I can't translate html tags that contain other tags (such as <a href=..</a> OR )

In example below, the paragraph .. is the problem, I cannot translate. All other p classes are translated very well. Except this class, because it has in it those <a href=..</a> OR 

I try so many things. I don't know why is not working my code. I don;t get any error. Just, this class is not translated.

    <p class="JAGAAA">Intr-un articol precedent, <a href="https://neculaifantanaru.com/dupa-toate-regulile-artei.html"> <em>Dupa toate regulile artei</em> </a>, v-am povestit despre tanarul Hamlet, care voia sa razbune moartea tatalui sau</p>.

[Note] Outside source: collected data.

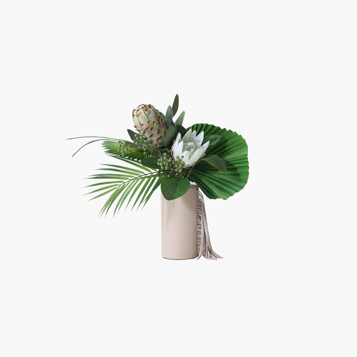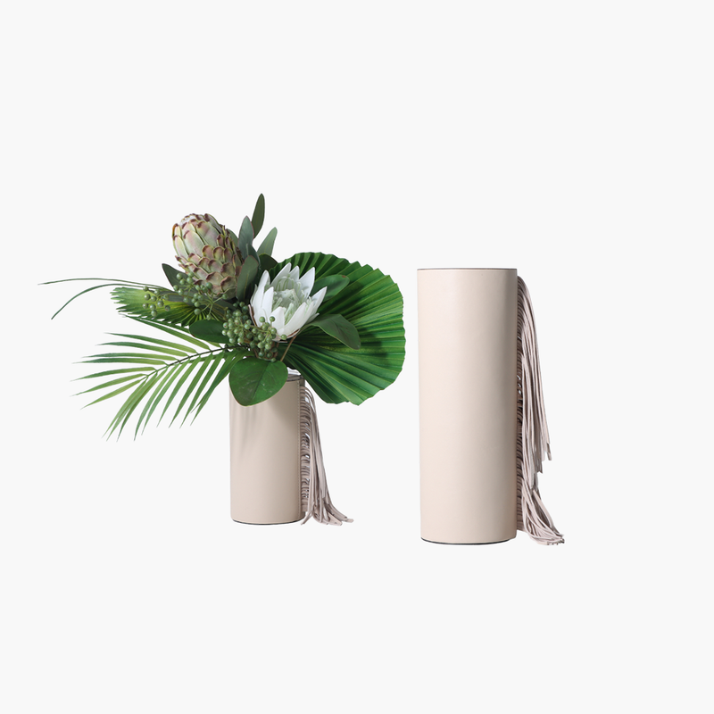İpucu: Bu deri vazoyu doğal tonlardaki diğer dekoratif ürünlerle bir araya getirerek sofistike bir görünüm yakalayabilirsiniz. Jasmin Concepts'in minimalist koleksiyonuyla kombinleyerek modern ve dengeli bir dekorasyon tarzı oluşturabilirsiniz.
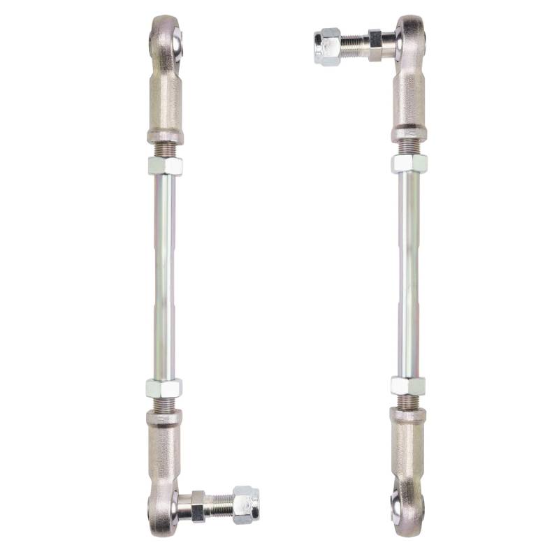 RSO Rear Sway Bar End Links Zinc Plated Alloy Steel 0-4in Lift Upgrade your suspensions geometry with the RSO Suspension Sway Bar End Links. These links will prevent unwanted axle housing contact. Eliminate loss of motion with high quality factory style bushings and maintain sway bar balance for increased handling performance and comfort. The RSO Suspension sway bar end links are constructed using tension free rod ends and zinc plating that offer the best in corrosion resistance and smooth operation on or off road. Backed by a limited lifetime manufacturer warranty on the workmanship/structure, 5 years on the components, and 1 year on the finish/coating. Vehicle specific fitment to ensure that the part is right for your vehicle with variable length design adapt to your lift Accurately set your sway bar operating angle correcting geometry on lifted vehicles while improving performance on and offroad Tension-free rod ends reduce wear and strain, Special zinc plating applied for corrosion resistance and long lasting protection Maintain sway bar balance for predictable handling while factory style bushings eliminate loss of motion Limited lifetime manufacturer warranty on the workmanship/structure, 5 years on the components, and 1 year on the finish/coating
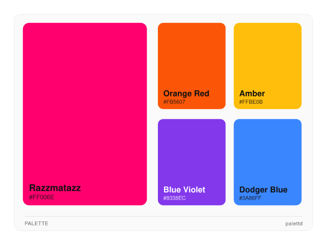 rgb(255, 0, 110)hsl(334, 100%, 50%)
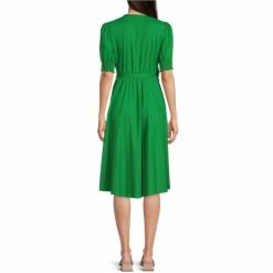Hot Sale 🎉 Alex Marie Ashlyn Short Puff Sleeve V-Neck Machine Washable Wrap Midi 👗 Dress Kiwi 🥰
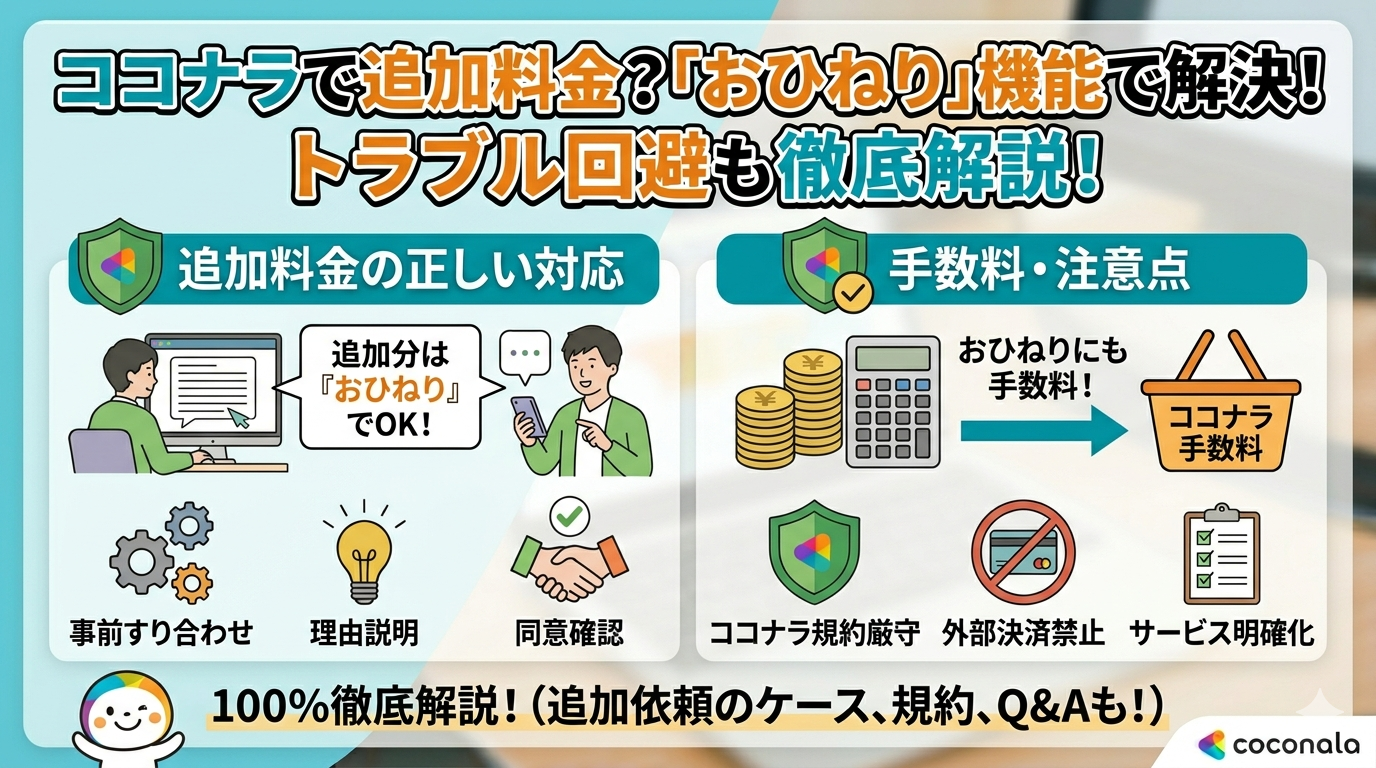 ここでは、ココナラで追加料金が発生したときの正しい対応方法について解説します。追加料金の仕組みを理解しておくことで、スムーズにやり取りを進めることができます。
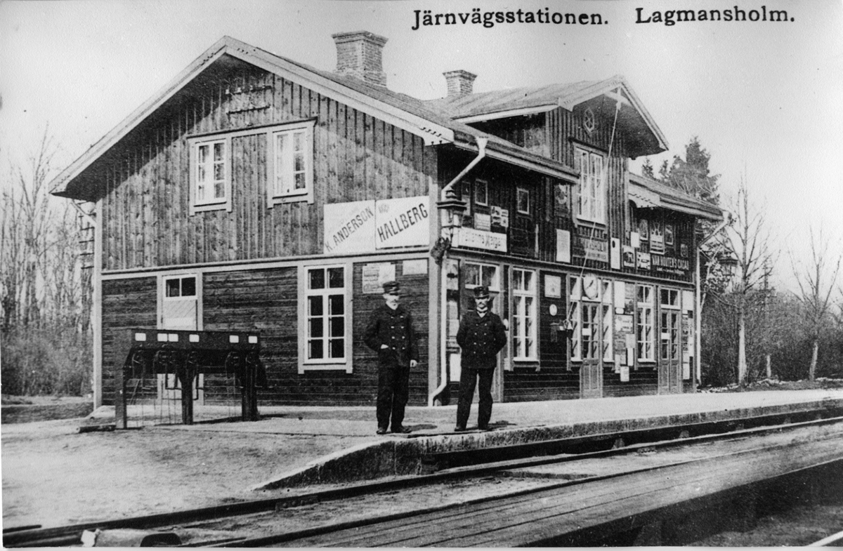 Två järnvägsarbetare vid stationshuset. Hol. Gåva från Åke Karlsson.
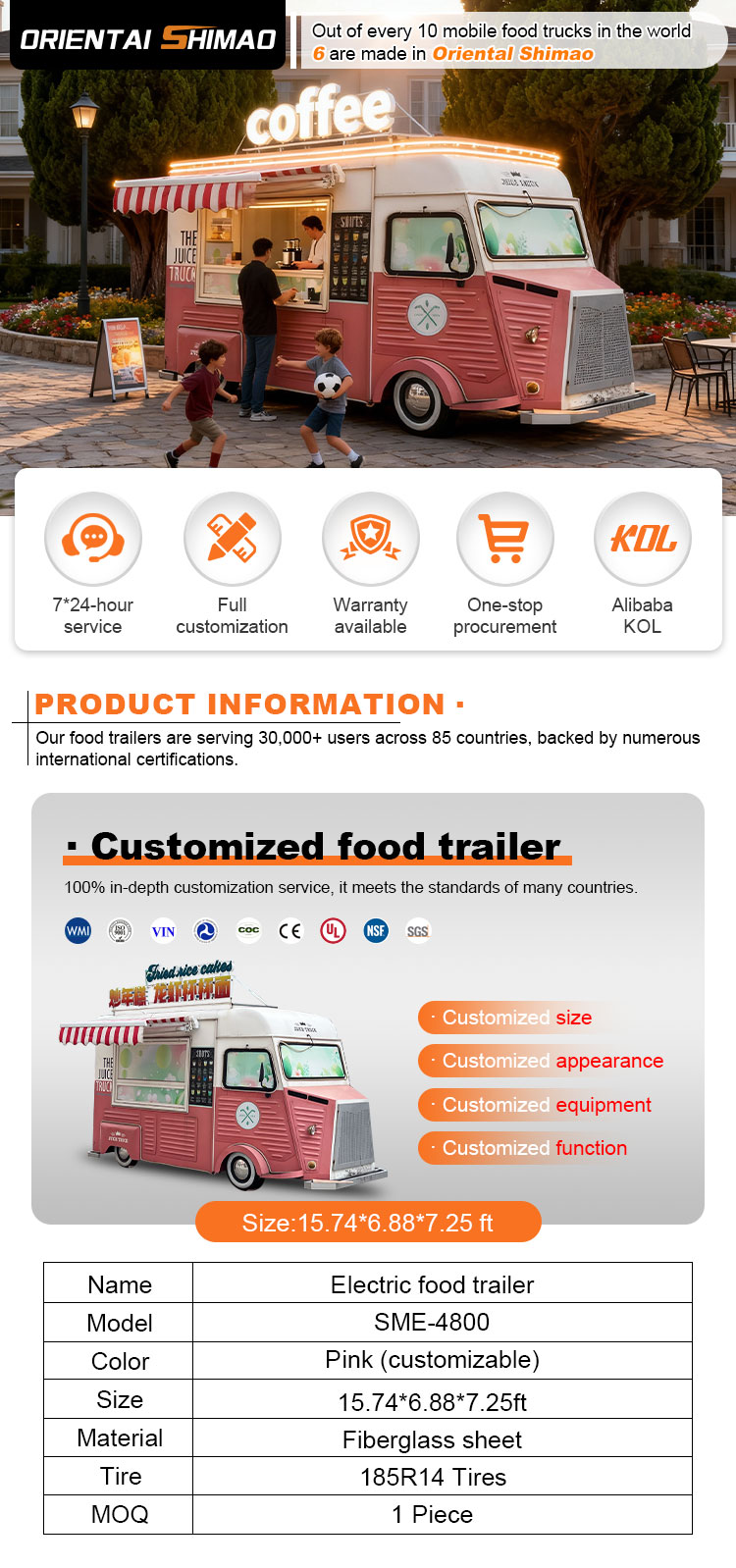 Kínálunk pótkocsi élelmiszer-teherautó tanúsítványokat: DOT, CE, SGS, SCI, ISO, COC,
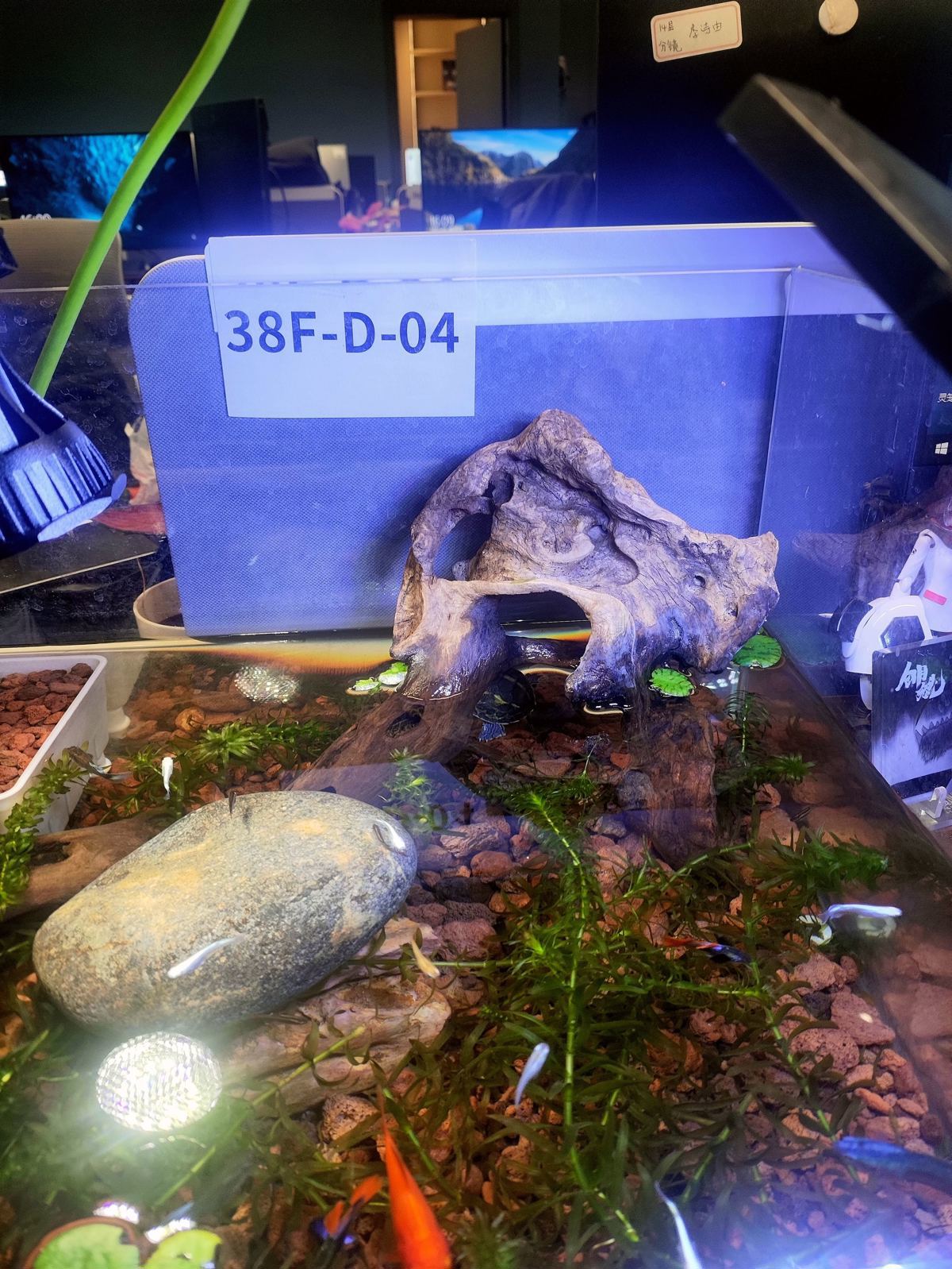 这里说的摸鱼,是真的物理意义上的摸鱼。记者在一处工位上看到,一个透明水缸里,一群五颜六色的鱼儿游来游去,一只小乌龟把身子藏在景观石后面。一位男设计师是它们的主人,他说,每天换换水、喂喂食、眼睛发酸时瞅几眼,效果跟吸猫撸狗的作用一样。
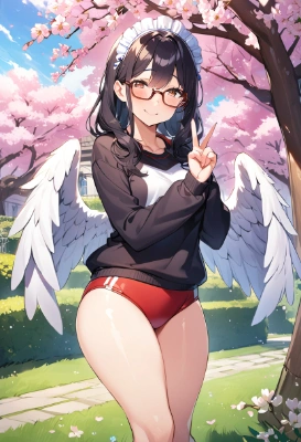 woman, plain and charming, black hair, glasses, ruffle headdress, angel halo, white big wings, dress shirt, cleavage, shy, smile,
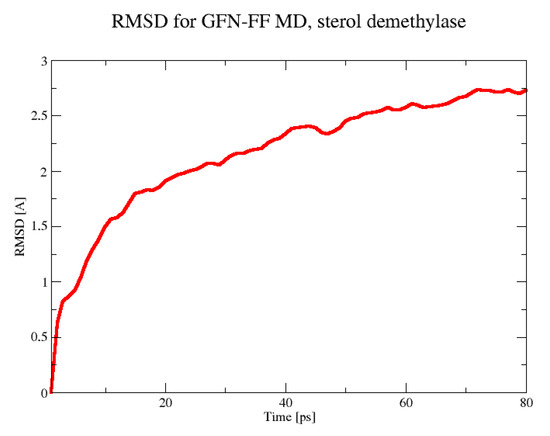 The RMSD in the 80 ps GFN-FF MD run for the sterol demethylase.
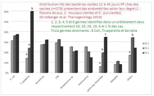 Le TROISIEME INTERET de cette étude est de décrire le contenu bactériologique des vaches atteintes d'endométrites en fonction de leur degré. Trois germes ont été isolés en culture pure à savoir E Coli, Trueperella et Serratia. On observe également que plusieurs germes sont le plus souvent isolés. Trueperella constitue un facteur de risque majeur d'identifier une endométrite clinique de degré 3.
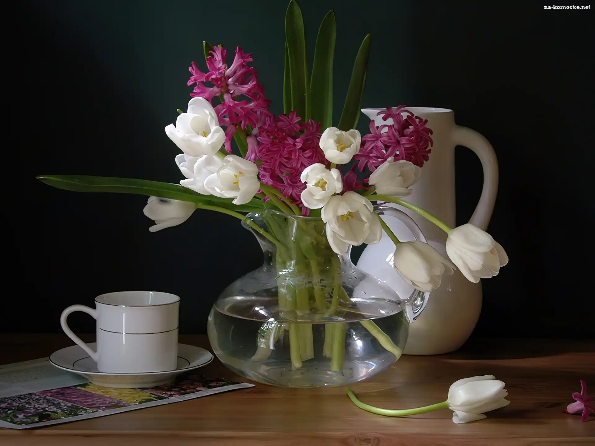 Filiżanka, Kwiaty, Białe, Tulipany, Dzbanek na Komórkę
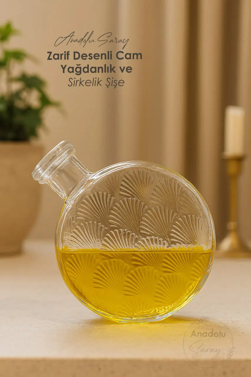Mutfak şıklığını zarafetle buluşturun! El işçiliği detaylarıyla öne çıkan bu dekoratif cam yağdanlık ve sirkelik, hem fonksiyonel hem estetik bir kullanım sunar. Şeffaf cam yapısı sayesinde içeriği kolayca görmenizi sağlar, zeytinyağı, sirke veya özel soslarınız için ideal bir saklama ve sunum aracıdır.

**THIS IS THE PART OF THE CODE**

    import os
    from bs4 import BeautifulSoup, NavigableString
    import re
    import textwrap
    from googletrans import Translator
    import pprint
    
    ...

    with open(f"{base_path}/{file}" , "r" , encoding='utf8', errors='ignore') as open_file:
      data = open_file.read()
    if data == "":
      print("{} este gol".format(file))
      continue
    lxml1 = str(BeautifulSoup(data, 'lxml'))
    #lxml1 = data
    lxml1 = lxml1.replace("\ufeff" , " ")
    #lxml1 = lxml1.replace("\n" , " ")
    #lxml1 = re.sub(' +', ' ', lxml1)
    if(read_tags == True):
      soup = BeautifulSoup(data, 'lxml')
      title_tag = soup.find("title")
      ist_p_tag = soup.find("p" , class_="text_obisnuit2")
      ist3_p_tag = soup.find("p" , class_="JAGAAA")
      second_p_tag = soup.find("p" , class_="donoo")
      meta_tag = soup.find("meta")
      if(title_tag ==  None):
        print("Title tag does not found")
      else:
        translated_title = translator.translate(title_tag.text, dest=input_lang)
        lxml1 = lxml1.replace(title_tag.text,translated_title.text)
      if(meta_tag ==  None):
        print("meta tag does not found")
      else:
        translated_meta = translator.translate(meta_tag["content"], dest=input_lang)
        lxml1 = lxml1.replace(meta_tag["content"],translated_meta.text)
        
      if(ist_p_tag == None):
        print("<p class='text_obisnuit2' /> not found")
      else:
        translated_p = translator.translate(ist_p_tag.text, dest=input_lang)
        lxml1 = lxml1.replace(ist_p_tag.text,translated_p.text)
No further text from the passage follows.